こうした中、数万人規模の業界の中で16人を擁するスウィートベイビーは、「強制多角化」の脅威に対抗する新たな、急速に広がるキャンペーンの避雷針となっている。
ベレアは2018年にスウィートベイビーを共同設立した。これは、企業がセンシティビティ・リーディングなどの依頼を受けるスタジオであり、実質的にはライターの雇われ部屋のような存在でもある。彼らは提案や意見を述べることはあっても、批判する人たちが信じ込ませようとしているように、登場人物やストーリーラインを空白のまま追加したり削除したりするわけではない。スウィートベイビーが手がけるプロジェクトの管理権は、最終的にはサービス料を支払う企業にある。「私には依然として監督やライターといった、決定権を持つ誰かがいる」とベレアは言う。「拒否権を持つ人はほとんどいない。そして、それは雇われた人間には絶対に与えられない」
昨年、悪名高いハラスメントサイト「Kiwi Farms」などのサイトで初期対策が開始されましたが、Sweet Babyに関する誤情報の多くは、Sweet Baby Inc DetectedというSteamキュレーショングループに集約されています。このグループは、同社が「関与するゲームのトラッカー」を自称しています。1月29日に設立されたこのグループには、憎悪的なコメント、トランスフォビア、ホモフォビア、人種差別、性差別の温床となっているDiscordサーバーも含まれています。KotakuによるSweet Baby Inc Detectedに関する報道を受けて、チャットメンバーは記事を書いた記者に対し、オンラインで執拗な嫌がらせを行っています。

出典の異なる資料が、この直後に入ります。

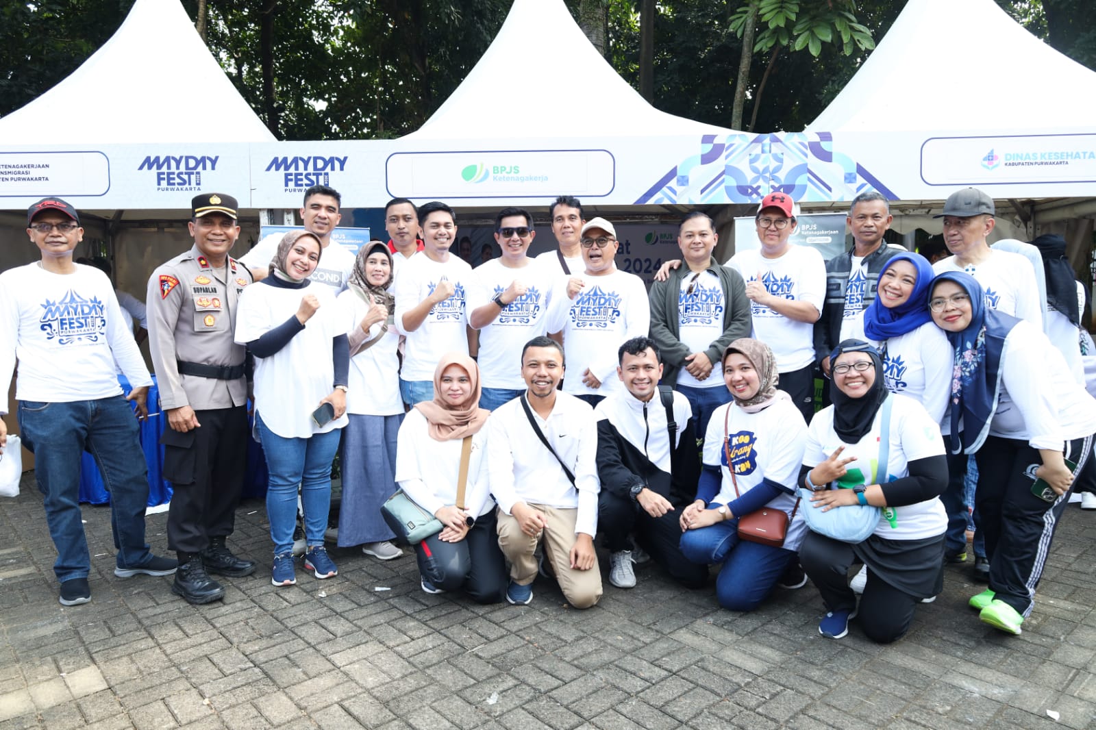 FOTO BERSAMA. Pimpinan dan karyawan BPJamsostek Cabang Purwakarta berfoto bersama di depan stand BPJamsostek pada acara May Day Fest 2024 yang digelar di alun-alun Purwakarta.

Sweet Babyのライターの一人によると、Steamグループの開設後、同社への嫌がらせが「著しく増加」し、嫌がらせのテキストメッセージやダイレクトメッセージが送られてくるようになったという。(WIREDはライターの安全を配慮し、氏名を伏せることに同意した。)「彼らはこれを聖戦のように扱っている」と彼らは言う。「カルト的な雰囲気を醸し出している」
YouTube のインタビューで、Sweet Baby Inc Detected を設立したと主張する男性は、同社への関心は『ゴッド・オブ・ウォー ラグナロク』から始まったと述べている。このゲームは彼がプレイしたことはないと認めているが、そのゲームで「何かが違う」と気づき、「なぜこのゲームはこんな風になっているのか」と疑問に思ったという。Sweet Baby の Web サイトにアクセスし、彼は、大ヒットした『スパイダーマン 2』(これもプレイしたことはないというゲーム)など、彼らが手がけたプロジェクトを調べ、「あるパターンに気づいた」と回想している。Sweet Baby Inc Detected の制作者はブラジルを拠点としているというが、そのパターンが具体的にどのようなものかは決して説明せず、代わりに「意識の高い製品」や「美徳シグナリング」などの流行語を使用し、これらのゲームのいくつかには「非常に多様なキャスト」がいたと述べている。インタビューの後半で、彼は「私たちのゲーム、私たちの娯楽、私たちが愛するものが、このようなもの、政治的な意図のために利用されている」と不満を述べている。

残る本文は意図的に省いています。